__RECORDED DATA__.
################
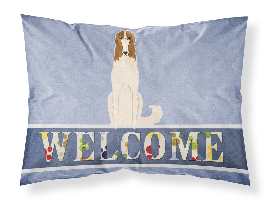 Borzoi Welcome Fabric Standard Pillowcase – Artistic Decorative Front, White Back BB5604PILLOWCASE
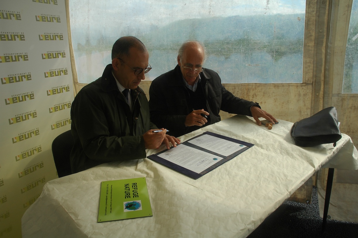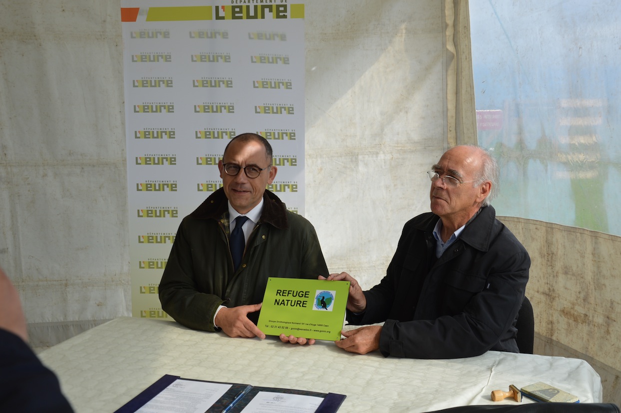 La convention a été signée il y a quelques mois mais il avait été décidé d'attendre que le planning estival du pôle bien chargé en manifestations s'éclaircisse... C'est donc mardi 25 que nous nous sommes retrouvés, huit adhérents du GONm, le directeur du pôle hippique, un représentant de la municipalité et la chargée de mission EquuRES du Conseil des chevaux de Normandie pour officialiser la création du refuge du GONm sur le site.
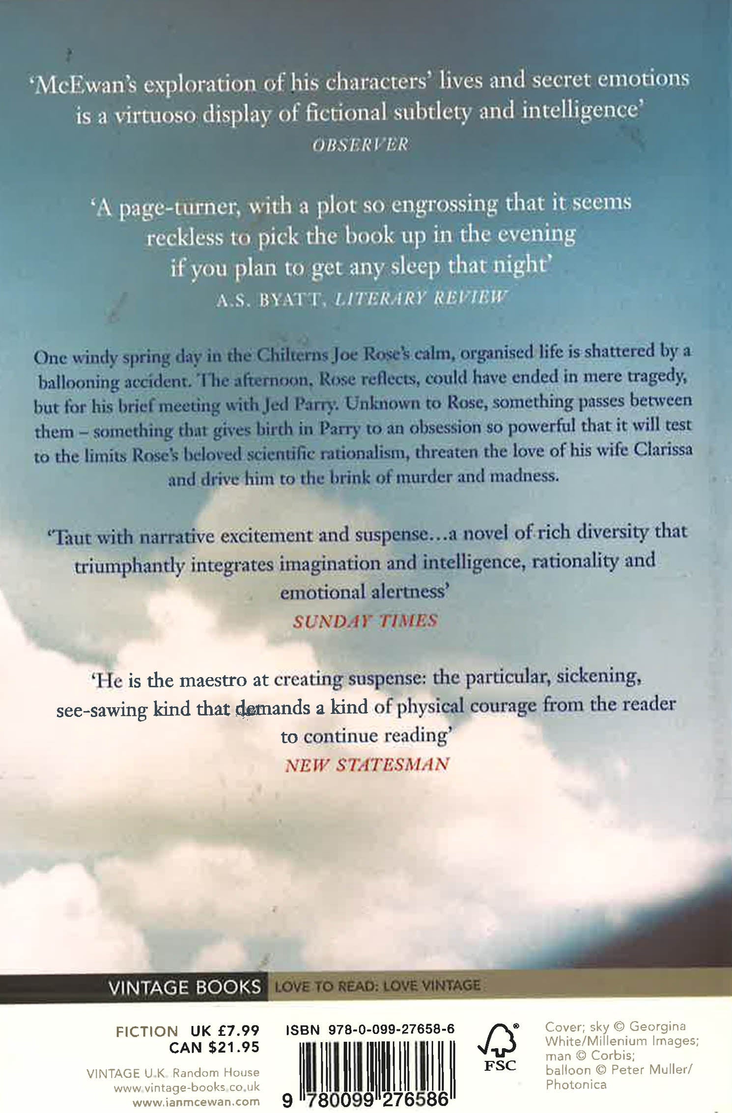 Unknown to Joe, something passes between them - something that gives birth in Parry to an obsession so powerful that it will test to the limits Joe's beloved scientific rationalism, threaten the love of his wife Clarissa and drive him to the brink of murder and madness. One windy spring day in the Chilterns Joe Rose's calm, organised life is shattered by a ballooning accident. The afternoon could have ended in mere tragedy, but for his brief meeting with Jed Parry. Unknown to Joe, something passes between them - something that gives birth in Parry to an obsession so powerful that it will test to the limits Joe's beloved scientific rationalism, threaten the love of his wife Clarissa and drive him to the brink of murder and madness.
################
__WORK INSTRUCTIONS__. Your reply should hold every line above exactly as written and none of the pictures.

__WRITTEN REPLY__.
 Borzoi Welcome Fabric Standard Pillowcase – Artistic Decorative Front, White Back BB5604PILLOWCASE
 La convention a été signée il y a quelques mois mais il avait été décidé d'attendre que le planning estival du pôle bien chargé en manifestations s'éclaircisse... C'est donc mardi 25 que nous nous sommes retrouvés, huit adhérents du GONm, le directeur du pôle hippique, un représentant de la municipalité et la chargée de mission EquuRES du Conseil des chevaux de Normandie pour officialiser la création du refuge du GONm sur le site.
 Unknown to Joe, something passes between them - something that gives birth in Parry to an obsession so powerful that it will test to the limits Joe's beloved scientific rationalism, threaten the love of his wife Clarissa and drive him to the brink of murder and madness. One windy spring day in the Chilterns Joe Rose's calm, organised life is shattered by a ballooning accident. The afternoon could have ended in mere tragedy, but for his brief meeting with Jed Parry. Unknown to Joe, something passes between them - something that gives birth in Parry to an obsession so powerful that it will test to the limits Joe's beloved scientific rationalism, threaten the love of his wife Clarissa and drive him to the brink of murder and madness.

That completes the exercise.